Thousands of samples are needed to generate a robust gene list for predicting outcome in cancer.

Predicting at the time of discovery the prognosis and metastatic potential of cancer is a major challenge in current clinical research. Numerous recent studies searched for gene expression signatures that outperform traditionally used clinical parameters in outcome prediction. Finding such a signature will free many patients of the suffering and toxicity associated with adjuvant chemotherapy given to them under current protocols, even though they do not need such treatment.
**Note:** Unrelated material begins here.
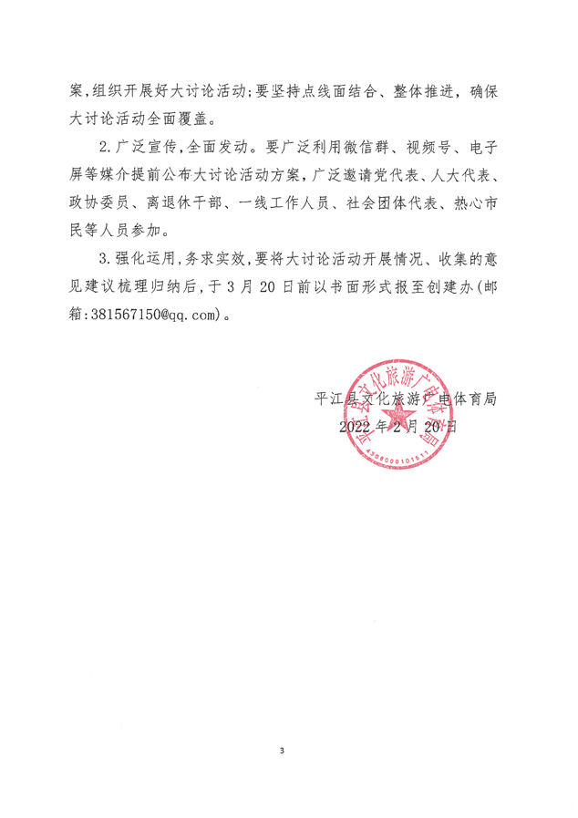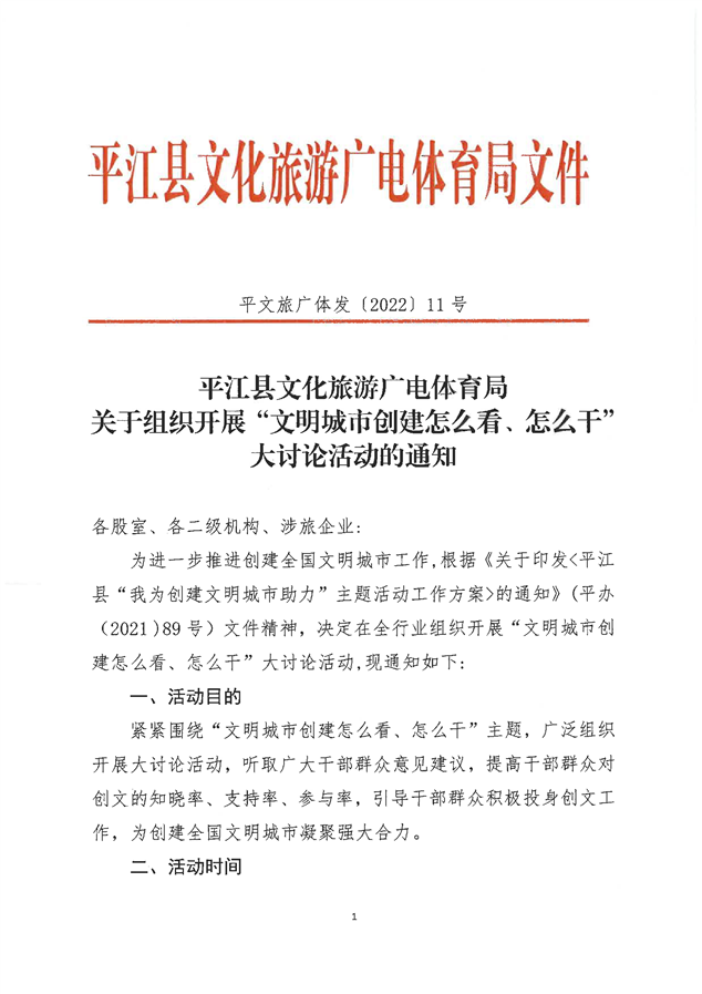 平江县文化旅游广电体育局关于组织开展“文明城市创建怎么看、怎么干”大讨论活动的通知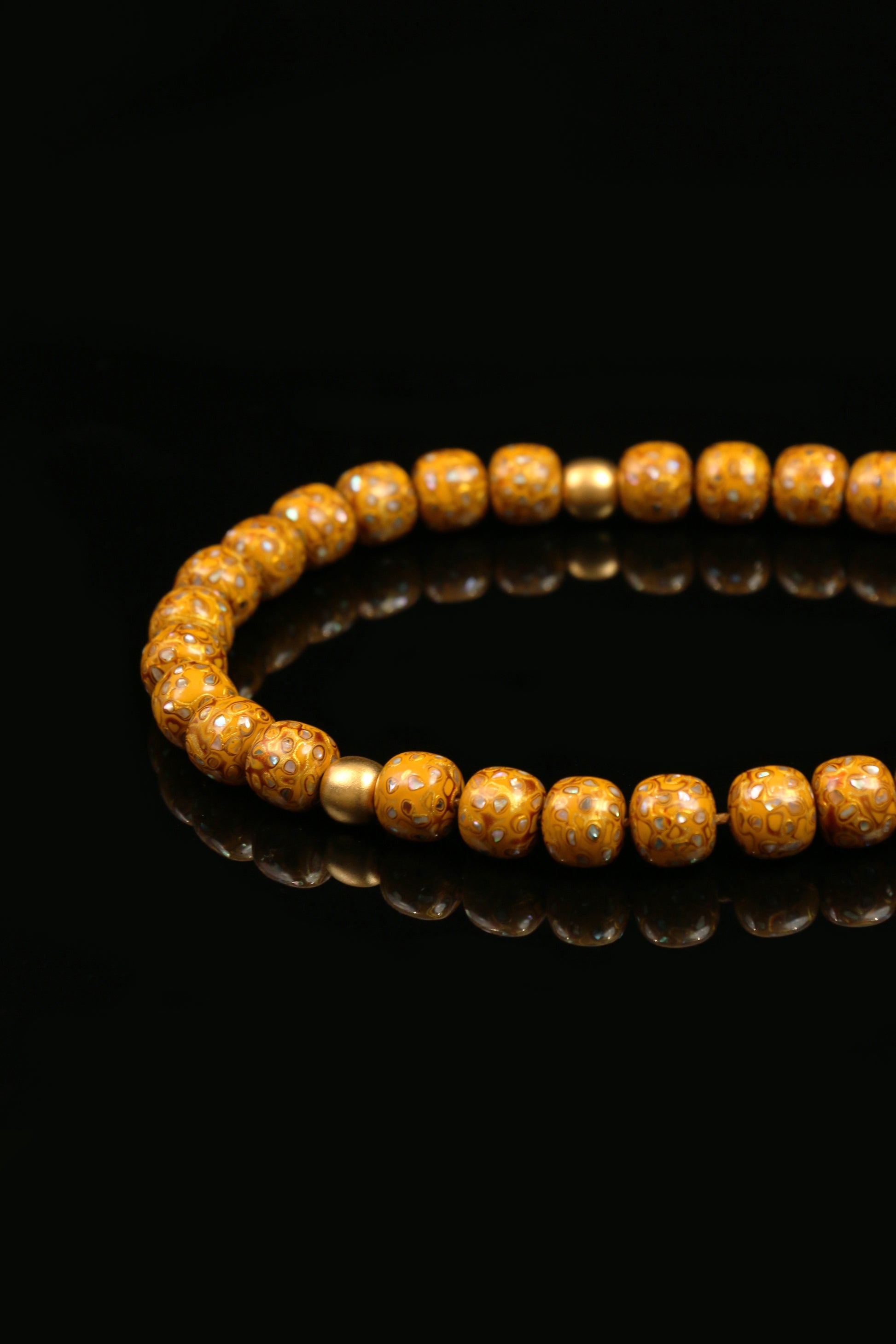 ثلاث وثلاثون خرزة أسطوانية من خشب الزيتان البنفسجي المزينة برقائق الذهب والفضة وصدف اللؤلؤ، تتألق بلمعان ناعم من الطلاء اللكي ذي اللون الذهبي الفاتح. يبلغ حجم كل خرزة 11 × 12 مم، وقد خضعت لطبقات متعددة من الطلاء اللكي، حيث تتوارى لمعة رقائق الذهب والفضة وقطع الصدف برقة داخل الطبقات. بوزن يبلغ 70.0 غرام وطول إجمالي 36 سم، تمنح المسبحة إحساسًا متوازنًا وثابتًا في اليد، بينما يكتمل تصميمها بشرابة خيطية منسوجة بإتقان تضفي لمسة بسيطة وأنيقة.

A reliable set of predictive genes also will contribute to a better understanding of the biological mechanism of metastasis. Several groups have published lists of predictive genes and reported good predictive performance based on them. However, the gene lists obtained for the same clinical types of patients by different groups differed widely and had only very few genes in common. This lack of agreement raised doubts about the reliability and robustness of the reported predictive gene lists, and the main source of the problem was shown to be the small number of samples that were used to generate the gene lists. Here, we introduce a previously undescribed mathematical method, probably approximately correct (PAC) sorting, for evaluating the robustness of such lists. We calculate for several published data sets the number of samples that are needed to achieve any desired level of reproducibility. For example, to achieve a typical overlap of 50% between two predictive lists of genes, breast cancer studies would need the expression profiles of several thousand early discovery patients.